## TASK BRIEF
When you reach the line with "Der SCHWEIZER SOLDAT" in the listing below, write out that line and every one after it exactly, and skip the pictures.

┌──

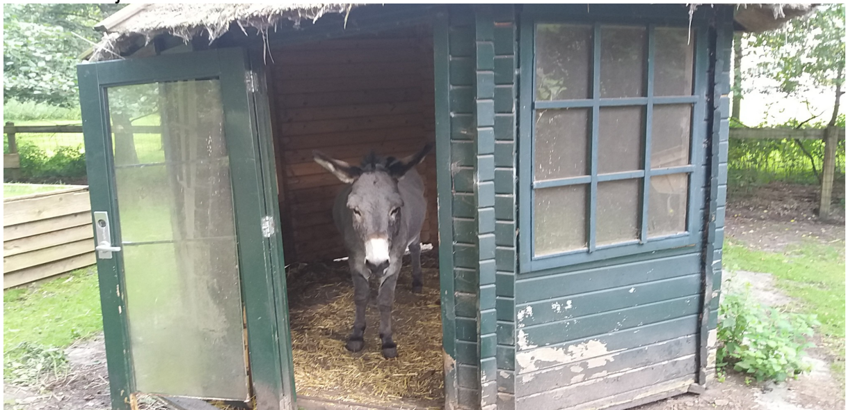
Ezel Nino onze bouwmeester

Het oude theehuisje van meneer Schaap was in zeer slechte staat en stond er vervallen bij.
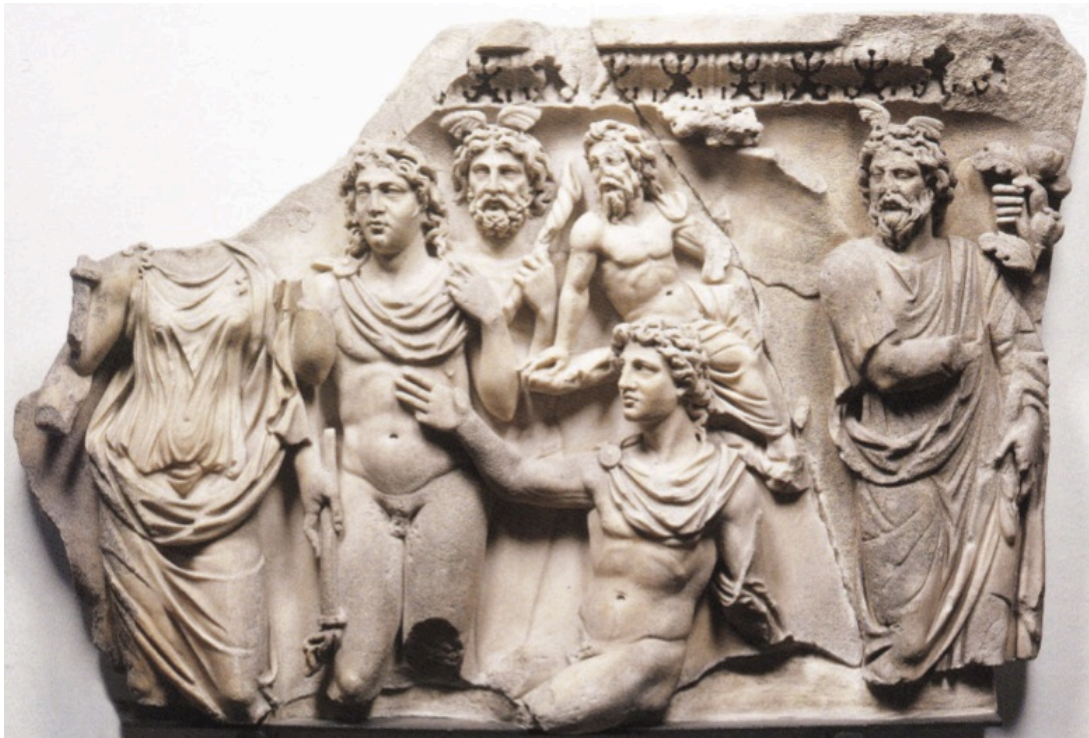
FIG. 24: Fragment de sarcophage, Endymion assis et éveillé. Vers 210-220 ap. J.-C ; LIMC 1988 s. v. Endymion 82 ; KOORTBOJIAN 1995 ill. 46 ; ZANKER et EWALD 2012 ill. 185, (Berlin, Staatliche Museen, Antikensammlung, Sk 846).
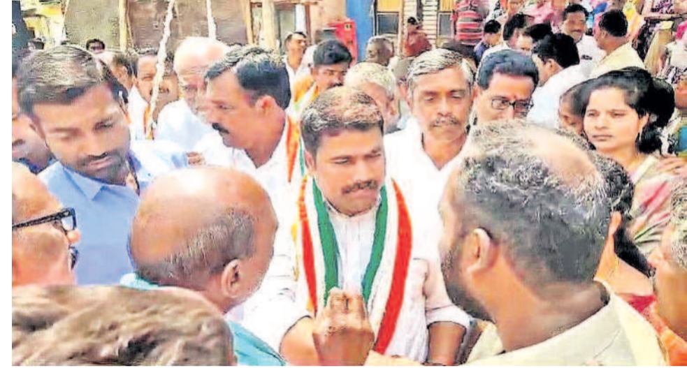
అదివారం కరీంనగర్ జిల్లా గంగాధర మండలం కులక్కాలలో కాంగ్రెస్ ఎమ్మెల్యే మేడిపల్లి నరేంద్రుని సగ తగిలించి, సాగునీరందక వంటలు ఎందుకున్నా పట్టించుకోవడంలేదని రైతులు నిలదీశారు. రుణమాఫీ పూర్తి చేయలేదని, రైతుభరోసా ఇవ్వడం లేదని ఆగ్రహం వ్యక్తం చేశారు. గర్భకుల్లిన మండల కేంద్రం చేస్తానంటూ గతంలో ఇచ్చిన హామీ ఏమైందని ప్రశ్నించారు.
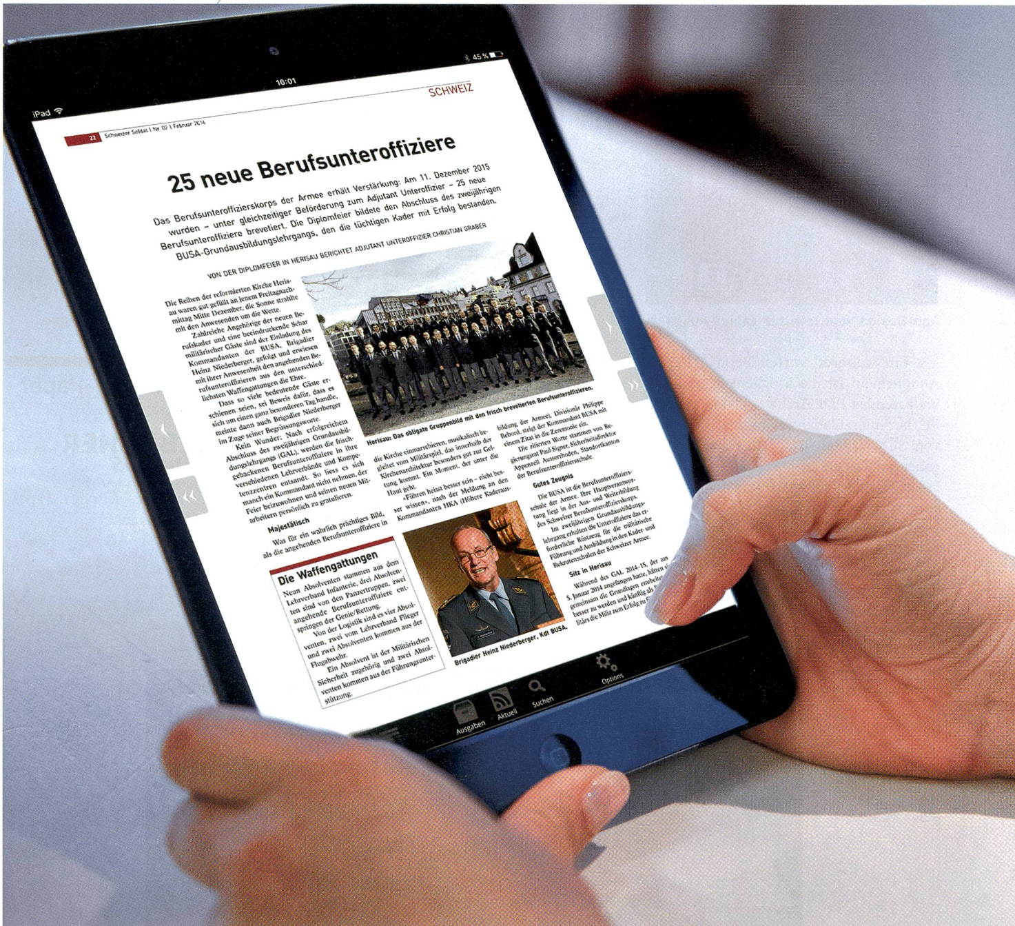
Der SCHWEIZER SOLDAT wird im gewohnten Layout auch auf dem Tablet serviert. Auf dem iPad sogar mit einer eigenen App.

Schrot und Korn wie unsere neue digitale Ausgabe.
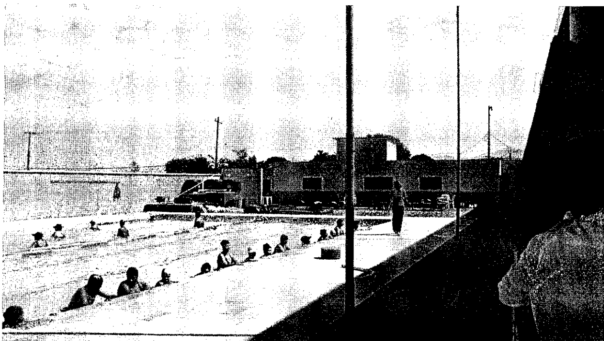
PISCINA DO CENTRO ESPORTIVO ARARETAMA – SEM COBERTURA
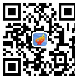
高新区财政金融局地图导航
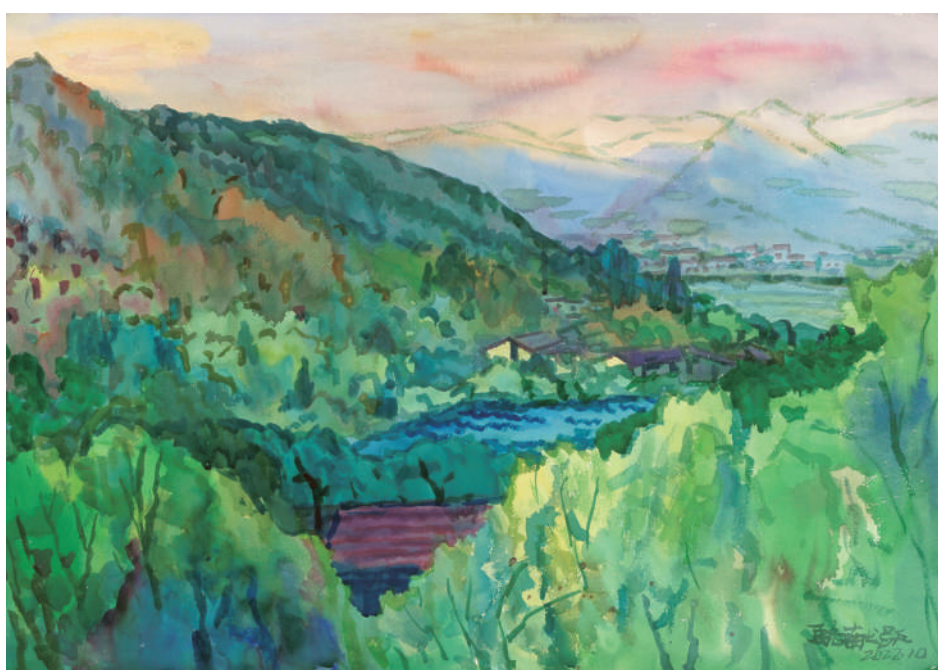
富春江芳草地之一 (水彩)
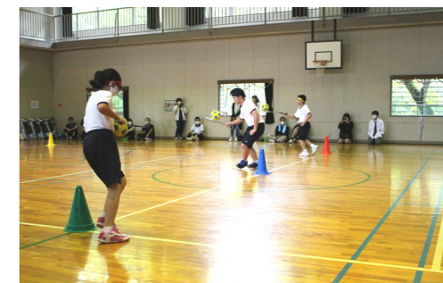
チーム対抗の「ラケットリレー」

└──

## RESPONSE TO THE EXERCISE
Der SCHWEIZER SOLDAT wird im gewohnten Layout auch auf dem Tablet serviert. Auf dem iPad sogar mit einer eigenen App.

Schrot und Korn wie unsere neue digitale Ausgabe.
PISCINA DO CENTRO ESPORTIVO ARARETAMA – SEM COBERTURA
高新区财政金融局地图导航
富春江芳草地之一 (水彩)
チーム対抗の「ラケットリレー」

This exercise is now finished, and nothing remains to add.